Siobhan grabbed me and planted a quick kiss on my cheek. It made me wish that I had shaved today. Or yesterday. Or the day before.
“See you around, Harry,” Marty said.
He held out his hand. No hard feelings. I went to shake it but he was holding a can of cat food. I took it from him.
“See you, Marty.”
Fucking bastards.
Fucking bastards the lot of you.
***
The phone rang when I was in the middle of bathing Pat. I left him in the tub—he could happily stay in there for hours, he was like a little fish—and went down the hall, picking up the pho
ne with wet hands, expecting my mom. But there was a little transcontinental blip as the connection was made and suddenly Gina was in my ear.
“It’s me,” she said.
I looked at my watch—it was only twenty to four. She was early today.
“He’s in the bath.”
“Leave him. I’ll call back at the usual time. I just thought he might be around. How is he?”
“Fine,” I said. “Fine, fine, fine. You’re still there, are you?”
“Yes. I’m still here.”
“How’s it going?”
I could hear her taking a breath. Gina taking a breath on the other side of the world.

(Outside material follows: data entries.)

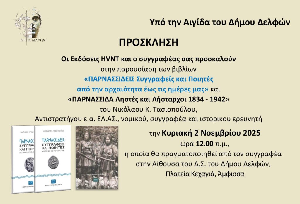 Οι εκδόσεις HVNT και ο συγγραφέας κ. Νικόλαος Κ. Τασιόπουλος προσκαλούν στην παρουσίαση των βιβλίων «ΠΑΡΝΑΣΣΙΔΕΙΣ Συγγραφείς και Ποιητές από την αρχαιότητα έως τις ημέρες μας» και «ΠΑΡΝΑΣΣΙΔΑ Ληστές και Λήσταρχοι 1834-1942».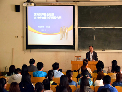 报告会上,陈晶结合个人成长经历及经验,为同学们介绍当今社会求职需注意的问题。他以公务员求职为例,为同学们讲述简历制作的注意事项。此外,他也从一些员工关注的问题入手,深入浅出地教导同学们要敢于面对挫折,在生活中要树立信心、做好准备、保持激情。陈晶围绕着“社会组织、社会组织作用、存在问题、思考及建议”四方面展开报告。他说,十八大以来,政府越来越重视社会组织发展,未来社会组织发展任重道远,要坚持健全完善法律制度和体系、强化监管和服务,才能够使社会组织健康快速发展。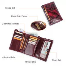 Experience the perfect combination of elegance and practicality with this genuine cowhide leather long clutch wallet designed for women. Featuring a sleek serpentine pattern, this wallet offers a sophisticated look while providing plenty of space for your essentials. Whether you’re headed to work, a social event, or everyday errands, this wallet keeps your valuables organized and protected with a secure hasp closure and RFID-blocking technology.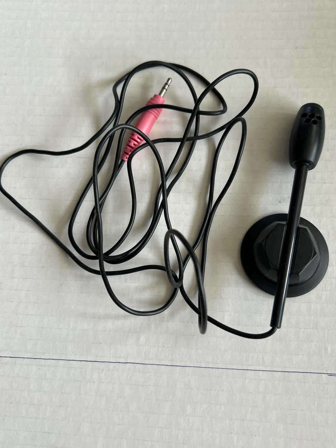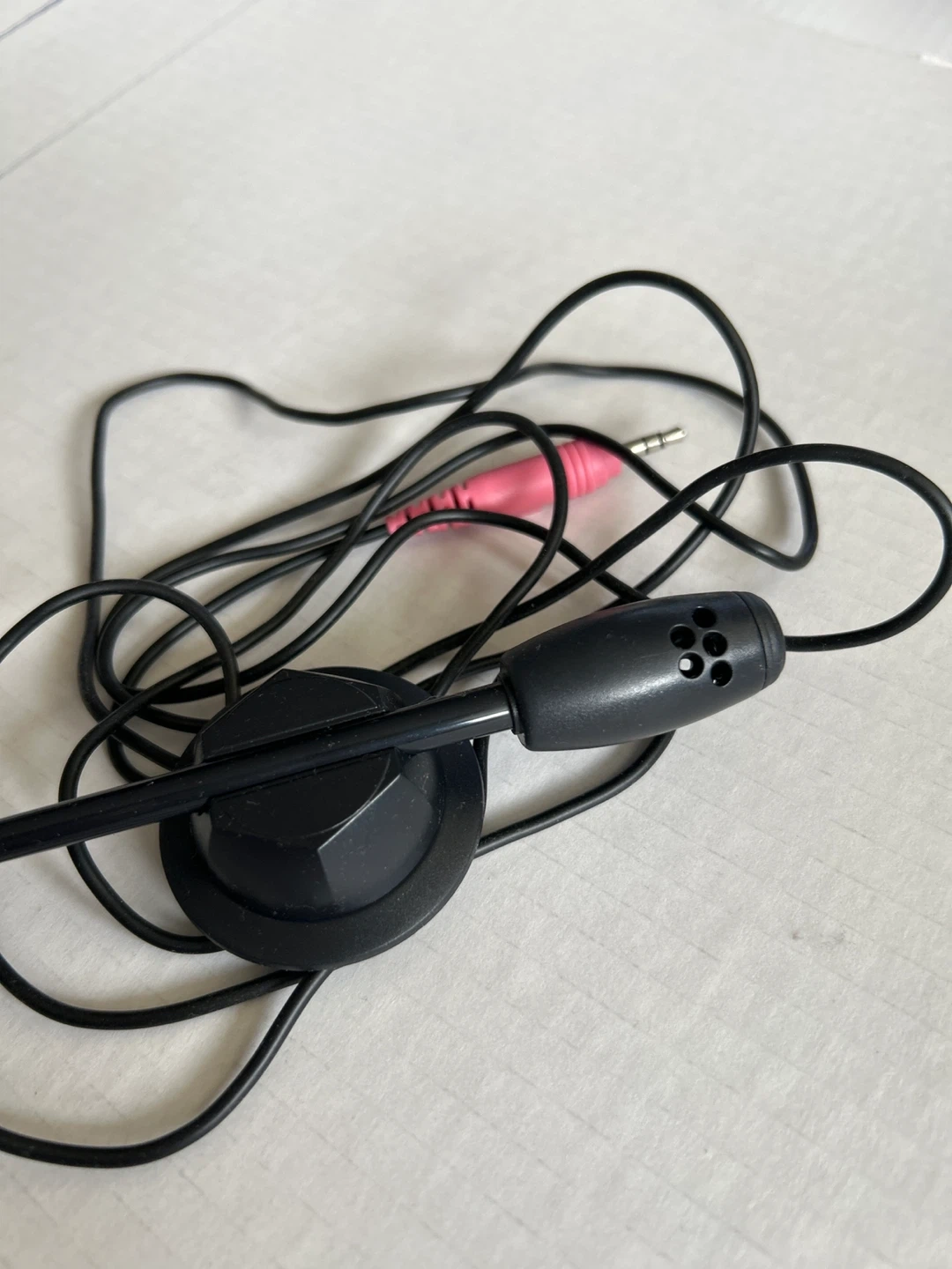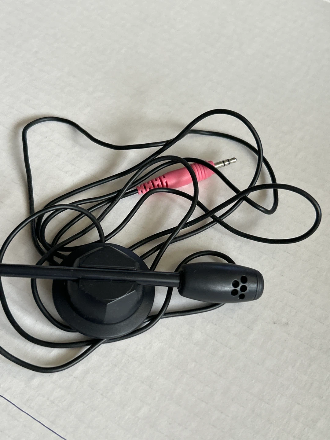 Giving away a used black microphone with a pink plug. It's in good condition and ready for a new user! Perfect for voice recording or online communication.
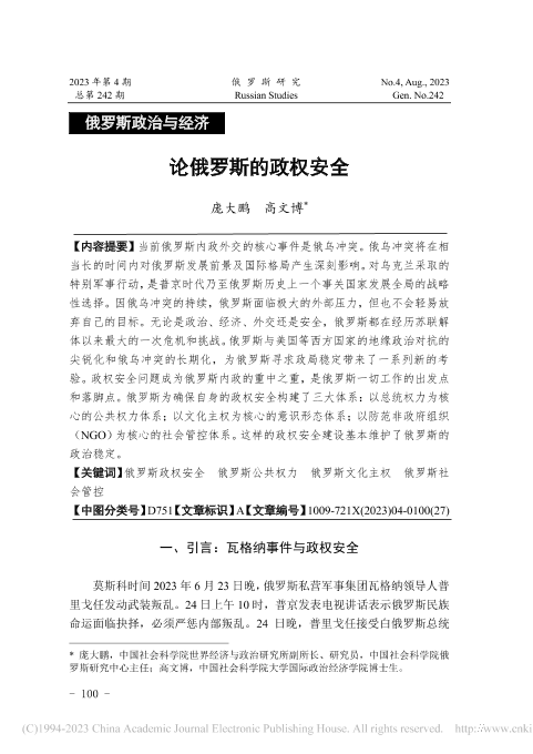【中国社会科学院】【2023】论俄罗斯的政权安全-27页

“It’s a lot harder than I thought it would be,” she said. “The economy is all screwed up. I mean, really screwed up. My company’s laying off locals so there’s not much job security for a gaijin whose Japanese is a bit rustier than she thought. But the work’s okay. Nothing I can’t handle. The people are kind. It’s everything else. Especially living in a place about the size of our kitchen.” She took another breath. “It’s not easy for me, Harry. Don’t think I’m having the time of my life.”

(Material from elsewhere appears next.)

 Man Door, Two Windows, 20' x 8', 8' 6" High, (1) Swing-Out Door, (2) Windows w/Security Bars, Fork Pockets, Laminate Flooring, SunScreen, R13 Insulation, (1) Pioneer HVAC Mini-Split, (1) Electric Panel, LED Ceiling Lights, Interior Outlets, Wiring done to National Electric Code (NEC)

“So when are you coming home?”
“Who said I was coming home?”
“Come on, Gina. Forget all that stuff about finding yourself. This is all about punishing me.”
“Sometimes I wonder if I did the right thing coming out here. But a few words from you and suddenly I know I did.”
“So you’re staying out there, are you? In your flat the size of our kitchen?”
“I’ll be back. But just to collect Pat. To bring him out here. I really want to make a go of it, Harry. I hope you can understand.”
“You’re kidding, Gina. Pat out there? I can’t even get him to eat beans on toast. I can just see him tucking into a plate of sprats on rice. And where’s he going to live? In your flat the size of our kitchen?”
“Christ, I wish I’d never mentioned the size of the bloody flat. I just can’t talk to you anymore.”
“Pat stays with me, okay?”
“For now,” she said. “That’s what we agreed.”